╭─ Supplied information

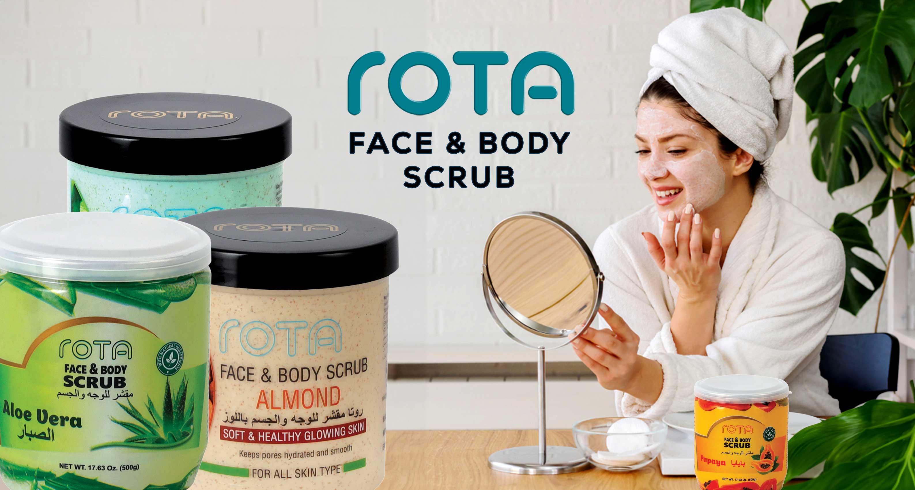 "Rota's Face & Body Scrub: Reveal smoother, refreshed skin with our gentle exfoliating formula. Suitable for face and body, our scrub effectively removes impurities, leaving your skin feeling rejuvenated and revitalized."
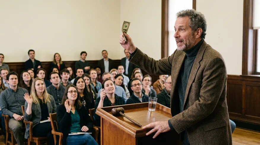 Итак, представьте, что вы сидите в аудитории. На сцену выходит профессор экономики, достает из кошелька хрустящую 100-долларовую купюру и говорит: — Я хочу продать вам эти 100 долларов с аукциона. Начальная ставка — 1 доллар.
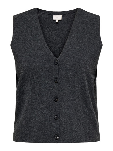 grå strikvest med v-hals og knaplukning. ONLY Carmakoma CARBETINA Vest Dark Grey Melange
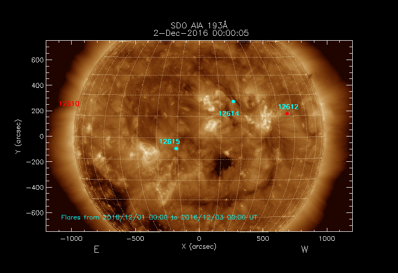 The most recent flares (≤12 hours) are shown as red dots, 12-24 hours ago as blue dots and older ones as turquoise dots.
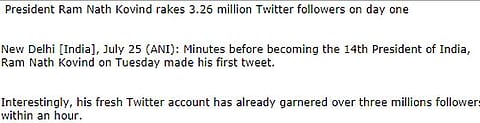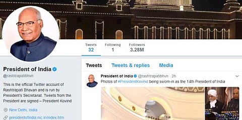 President of India Ramnath Kovind’s official twitter handle inherited over 3 million followers of former president Pranab Mukherjee, and didn’t gain them in an hour of swearing-in as some news websites said.
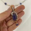 Anello con pietra in radice di zaffiro ovale sfaccettata, rilegata in oro rosa, contornata con diamanti taglio brillante 0.20, gr. 5.30. Pezzo unico. Abbinabile a girocollo con tanzanite con pendente. Mis. 14.
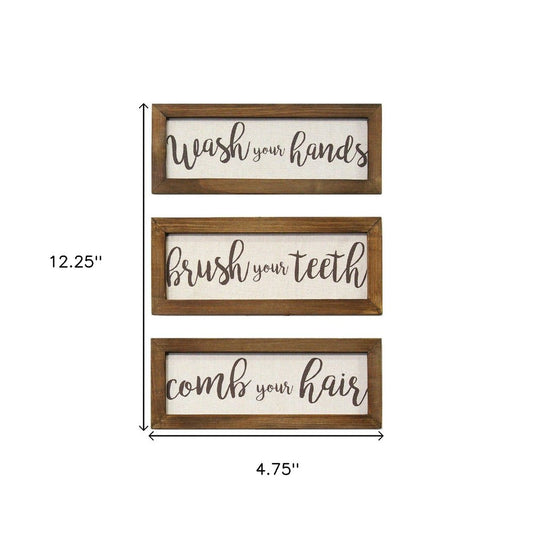 Set of Three Be Kind Be Gentle Be Humble Brown Wood Frame Wall Decor

╰─

**Work item**
From the line containing "President of India" down to the last line of the records above, repeat every line exactly and nothing else, dropping any pictures.

**Solution for this exercise**
 President of India Ramnath Kovind’s official twitter handle inherited over 3 million followers of former president Pranab Mukherjee, and didn’t gain them in an hour of swearing-in as some news websites said.
 Anello con pietra in radice di zaffiro ovale sfaccettata, rilegata in oro rosa, contornata con diamanti taglio brillante 0.20, gr. 5.30. Pezzo unico. Abbinabile a girocollo con tanzanite con pendente. Mis. 14.
 Set of Three Be Kind Be Gentle Be Humble Brown Wood Frame Wall Decor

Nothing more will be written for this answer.